Comparative analysis of effects of conditioned mediums obtained from 2D or 3D cultured mesenchymal stem cells on kidney functions of diabetic rats: Early intervention could potentiate transdifferentiation of parietal epithelial cell into podocyte precursors

Abstract

Aim: The secretome of mesenchymal stem cells (MSCs) could be a potential therapeutic intervention for diabetes and associated complications like nephropathy. This study aims to evaluate the effects of conditioned mediums (CMs) collected from umbilical cord-derived MSCs incubated under 2-dimensional (2D) or 3D culture conditions on kidney functions of rats with type-I diabetes (T1D). Main methods: Sprague-Dawley rats were treated with 20 mg/kg streptozocin for 5 consecutive days to induce T1D, and 12 doses of CMs were applied intraperitoneally for 4 weeks.

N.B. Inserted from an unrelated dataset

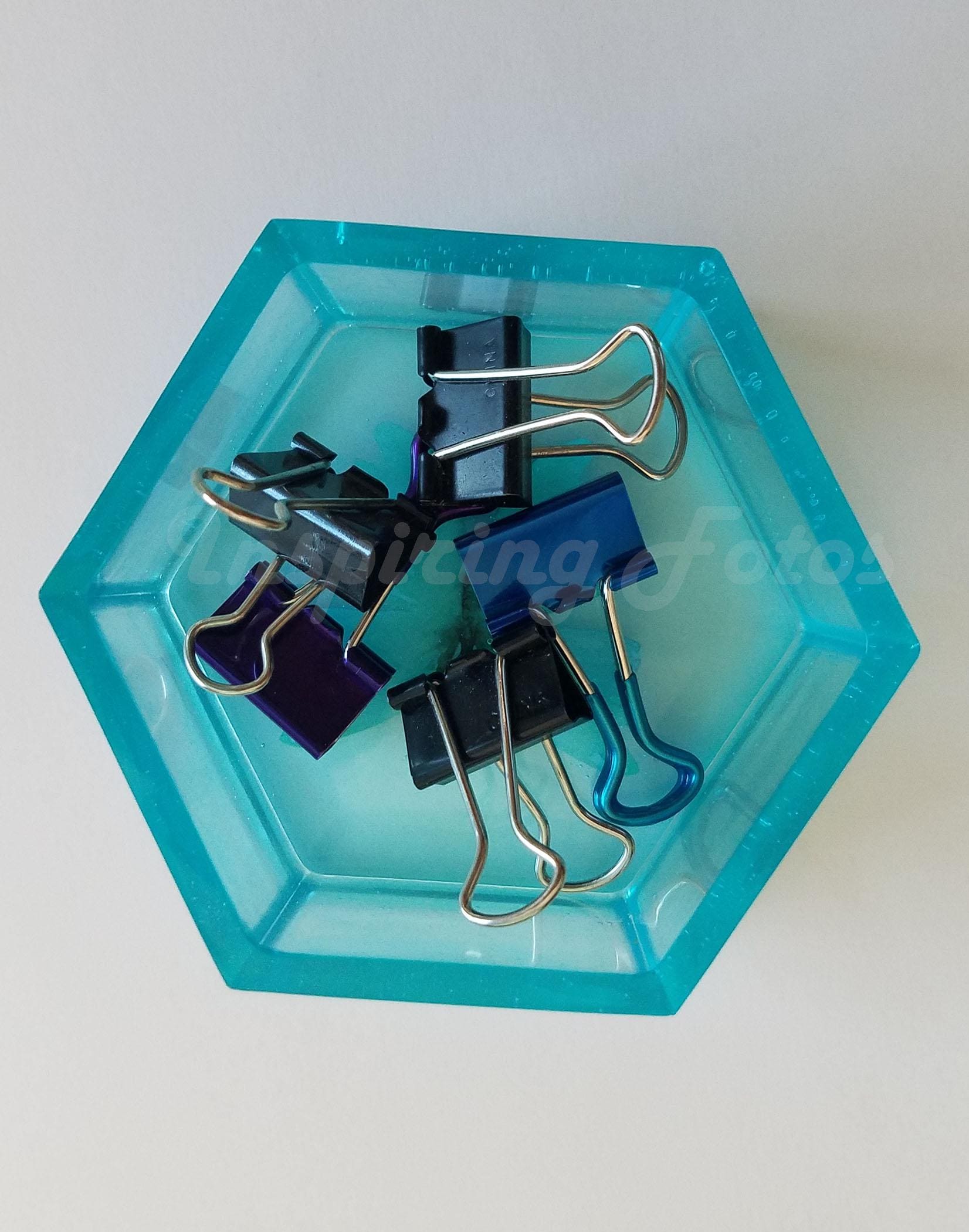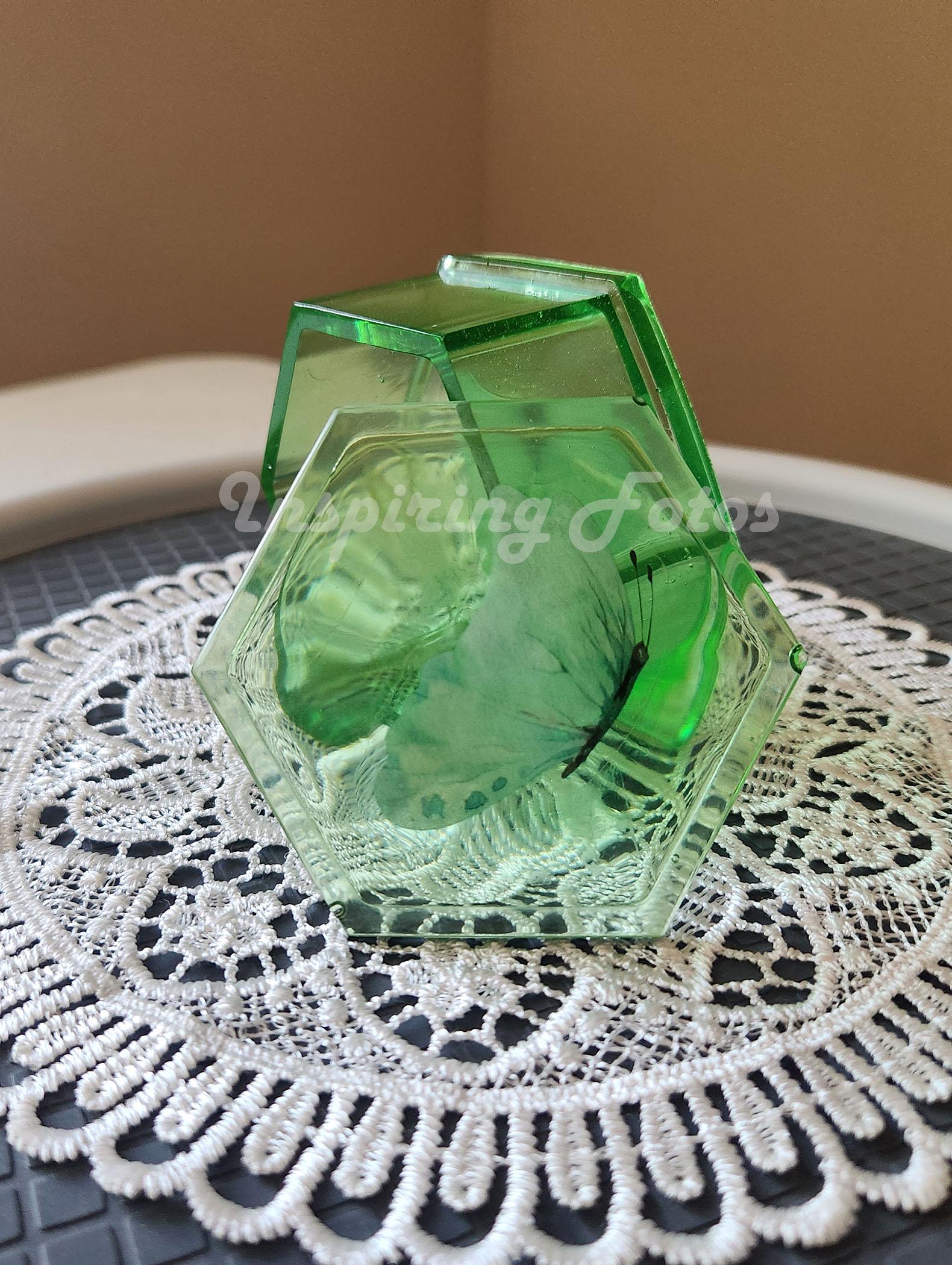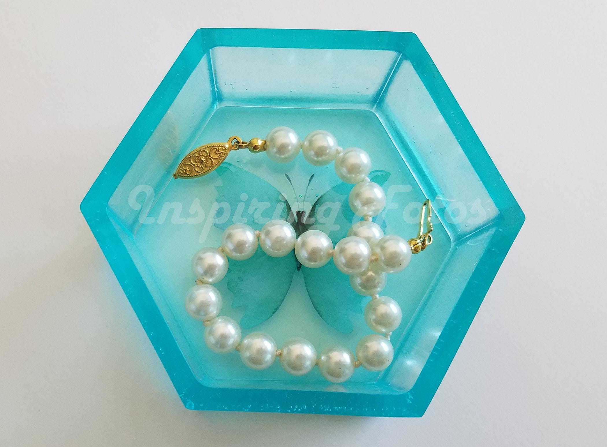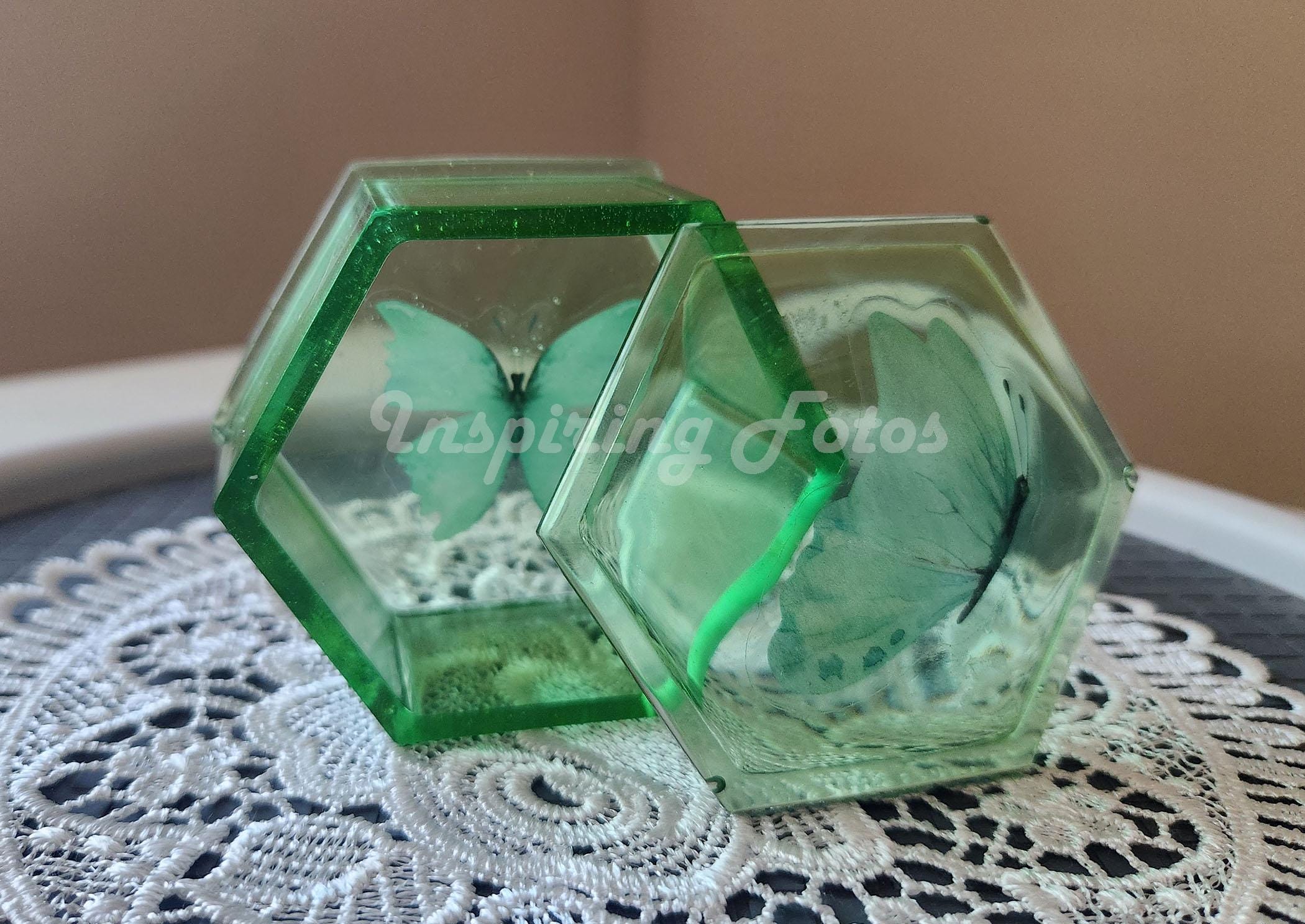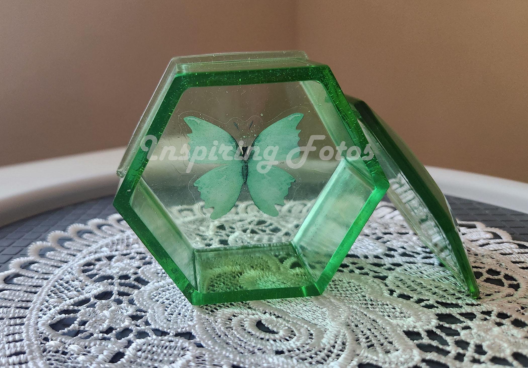 New Item: This resin trinket box is part of the Touch of Butterflies collection. This is a 3 x 3 x 1 1/2-inch hexagon blueish green (Sky Blue) in color resin trinket box with a butterfly decor. This is a perfect small box to store small jewelry or use on your desk to hold desk supplies such as paper clips, push pins or rubber bands,
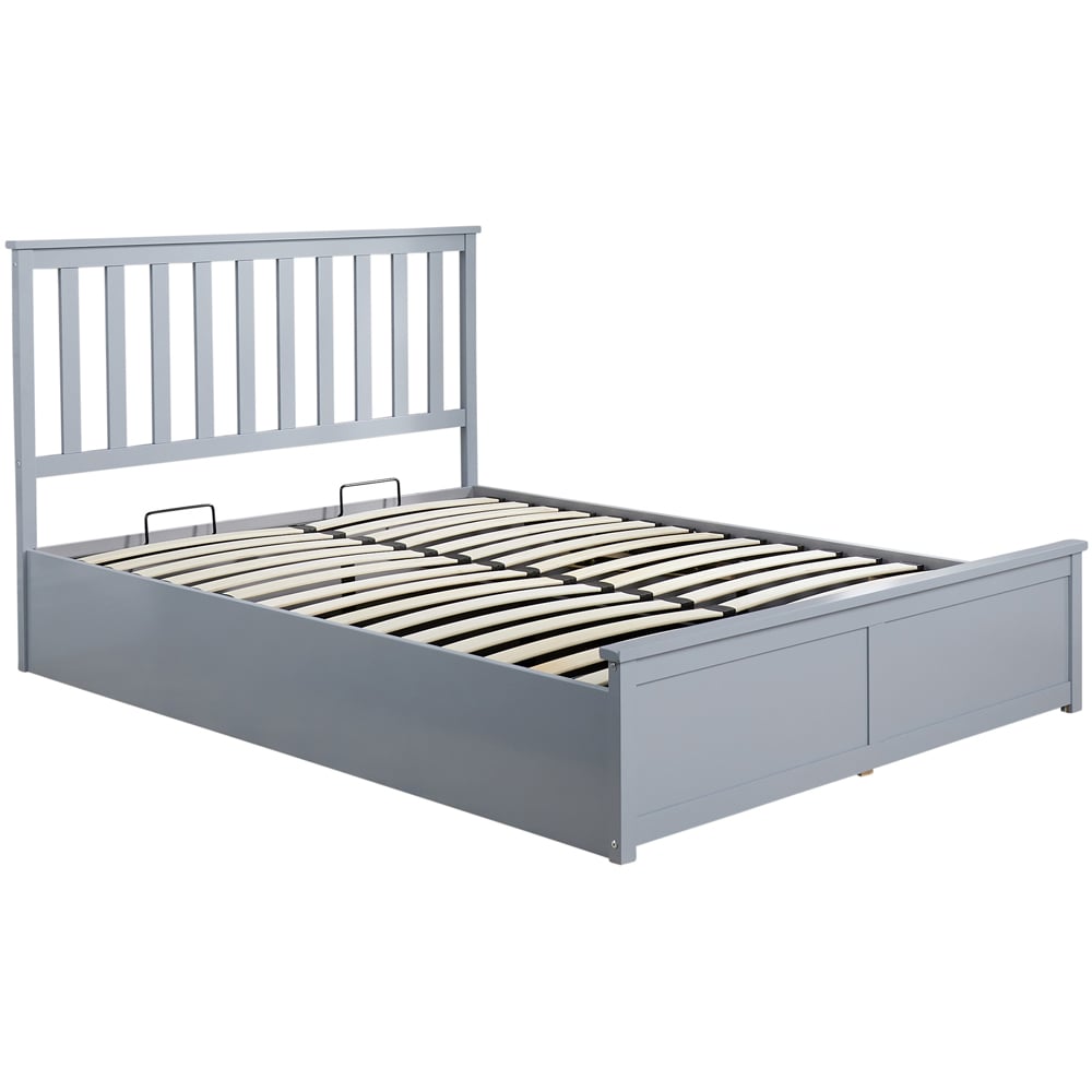 Stylish in look, this stunning but simple double ottoman bed is a useful addition to any bedroom. The bed is crafted from high quality pine wood and is finished in a gorgeous grey matt finish. The bottom slats easily lift up to reveal the storage area, which is useful for keeping belongings in and out of sight.

The therapeutic effects of CMs were comparatively investigated by biochemical, physical, histopathological, and immunohistochemical analysis. Key findings: 3D-CM had significantly higher total protein concentration than the 2D-CM Albumin/creatinine ratios of both treatment groups were significantly improved in comparison to diabetes. Light microscopic evaluations showed that glomerular and cortical tubular damages were significantly ameliorated in only the 3DCM applied group compared to the diabetes group, which were correlated with transmission electron micro scopic observations. The nephrin and synaptopodin expressions increased in both treatment groups compared to diabetes. The WT1, Ki-67, and active caspase-3 expressions in glomeruli and parietal layers of the treatment groups suggest that both types of CMs suppress apoptosis and promote possible parietal epithelial cells' (PECs') transdifferentiation towards podocyte precursor cells by switching on WT1 expression in parietal layer rather than inducing new cell proliferation. Significance: 3D-CM was found to be more effective in improving kidney functions than 2D-CM by ameliorating glomerular damage through the possible mechanism of transdifferentiation of PECs into podocyte precursors and suppressing glomerular apoptosis.